Just work on it until it's finish.

------
geekytenny
"I can assure you I have more capabilities than I currently present to anyone,
including my employer"

"please advise me on how I can begin to impress my employer and prove to them
that I am a capable employee".....

You have the answer right within your text.... present more to your employer
(more of the stuff you have that he/she cant see now..) Go the extra mile in
all tasks.

------
hasenj
What's your MBTI (Myers-Briggs) type? It can be of help in finding the kind of
work that's suitable for you.

Something else, don't rely on a job for experience. Most programming jobs
(specially if they're boring) sap away your experience instead of enriching
it; they make you a worse programmer than what you already are or what you
could've been.

------
gsivil
I wish you the best. Since you already have a degree in CS and you like
computing you could be a little bit more specific on the topics and courses
that you relatively enjoyed. This could possibly help the HNers to give you
solid and useful advice.

------
CyberFonic
I hope it was sex, drugs and rock-n-roll that had you so detached from your
classes. I'm finding it difficult to reconcile your claim of being rather
sharp and then having such a foggy notion of what your classes were about.
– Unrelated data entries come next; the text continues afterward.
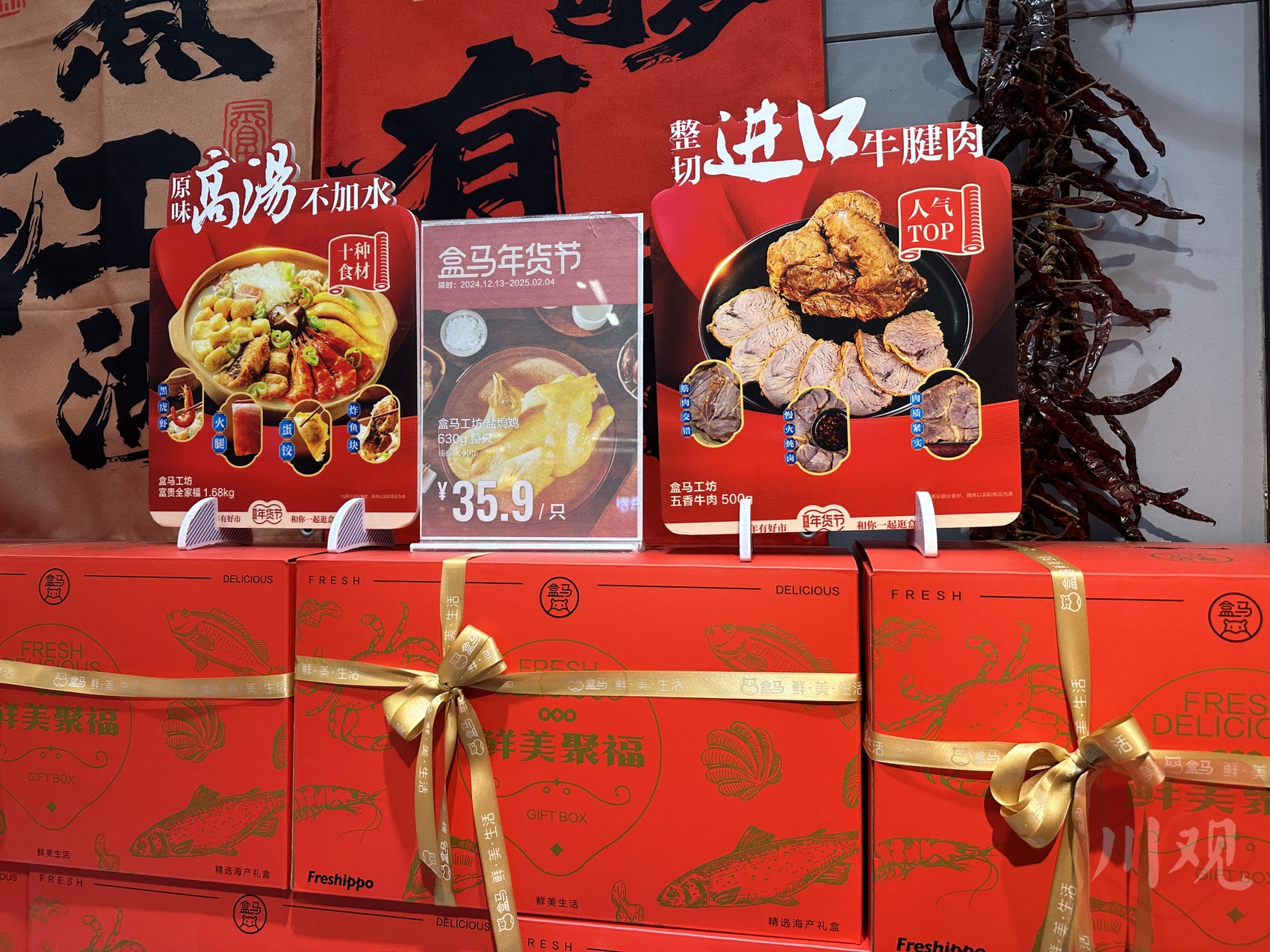 值得一提的是,今年成都的许多五星级酒店和餐饮连锁企业也相继推出了年夜饭预制菜套餐,让消费者在家中也能轻松制作出丰盛的年夜饭。记者走访成都各大超市发现,预制菜礼盒的铺货占比进一步提升,预制菜和半成品菜已成为年夜饭市场的重要组成部分。
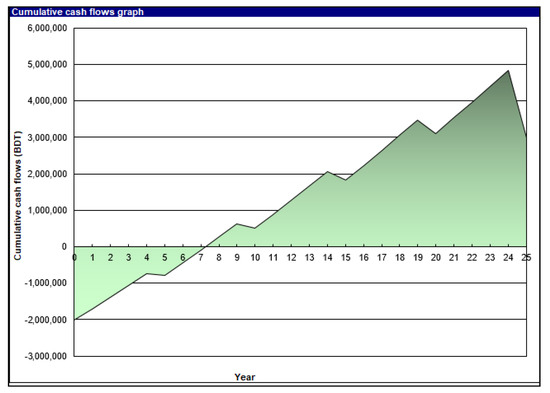 From the cash flow diagram depicted in Figure 5 using RETScreen, it can be estimated that it takes 7.2 years for cash flow to become positive and that the simple payback period will be 6.9 years. From the financial viability analysis, we get a Net Present Value (NPV) of BDT 855,428 (USD $10,183.67) and annual life cycle saving is BDT 73,405 (USD $873.87) and equity payback period is 7.2 years. In terms of the project’s economics, we can say that the proposed hybrid system is the most economical one because after 7 years the project will start to generate profit and reduce the system’s overall costs.
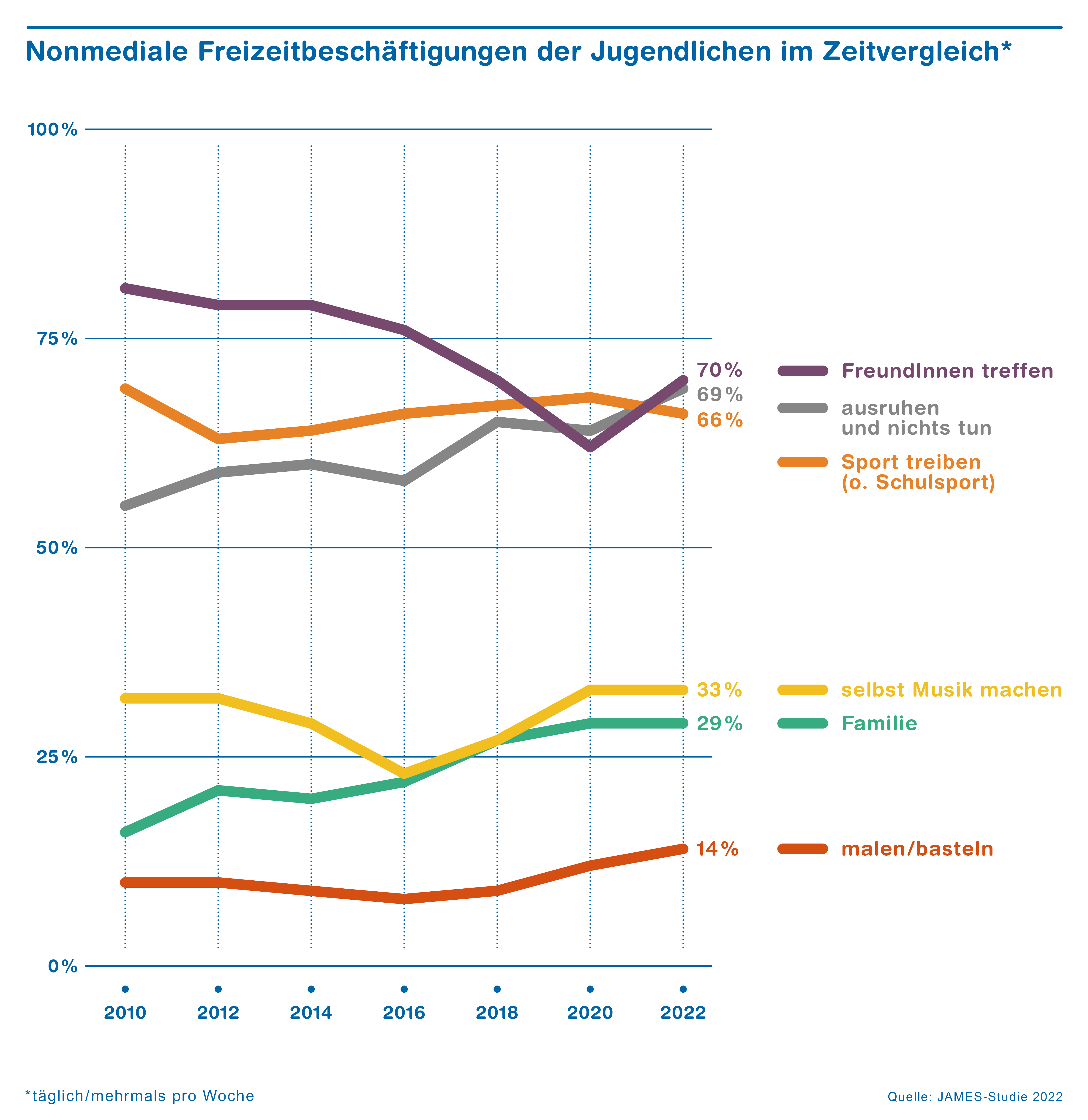Ein grosser Teil der Jugendlichen in der Schweiz trifft sich in der Freizeit regelmässig mit Freund:innen (70 Prozent). Im Vergleich zu den Vorjahren zeigt sich jedoch, dass die Anzahl der Freundschaften abgenommen hat. Trafen sich die befragten Jugendlichen 2012 mit sieben Freund:innen regelmässig, sind es 2022 noch fünf. Für Gregor Waller setzt sich damit der Trend des ‚Social Cocooning‘ weiter fort. «Die Jugendlichen treffen weniger Freundinnen und Freunde als noch vor ein paar Jahren. Wenn die Heranwachsenden im Sinne von ‚Beziehungsminimalismus‘ vorgehen, also Qualität vor Quantität stellen, sind die Freundschaften aber insgesamt hochwertiger».
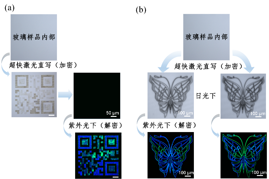 利用超快激光直寫的方法可以在在同一片玻璃內(nèi)部三維直寫發(fā)光波長組合可調(diào)的納米晶圖案,該技術(shù)可以用于創(chuàng)建快速響應(yīng)的二維碼,直寫帶有加密信息的數(shù)據(jù)圖案,如圖6(a)所示?;诩{米晶發(fā)光波長的可調(diào)節(jié)性,在圖案的不同區(qū)域可以指定其發(fā)光色彩(例如藍(lán)色和綠色),且這種顏色分布差異在日光下并不可見,只能在紫外光照射下觀察到。如圖6(b)所示,在日光下直寫的“蝴蝶”圖案沒有顯著差異,但在紫外光下圖案在不同區(qū)域呈現(xiàn)不同顏色。與其它基于鈣鈦礦納米晶的加密標(biāo)簽相比,玻璃中直寫的納米晶具有顯著的光穩(wěn)定性和熱穩(wěn)定性,更加適用于關(guān)鍵信息的加密和解密。
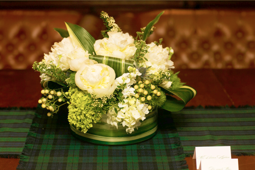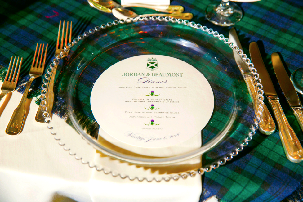 The couple’s dinner menus (which featured both the family crest and thistles) nestled perfectly inside the chargers and accented the tartan tablecloths exquisitely!

Couple of questions: How do you learn best? Reading, tinkering and learning,
being shown how to? What are you passionate about? - I mean outside of
programming, perhaps connected to the opening comment. Have you become self-
motivated? or still need a mentor to guide you?

I think if answer the above questions you might discover a path forwards. If
you share the answers with us on HN, then people might be able to chip in with
suggestions.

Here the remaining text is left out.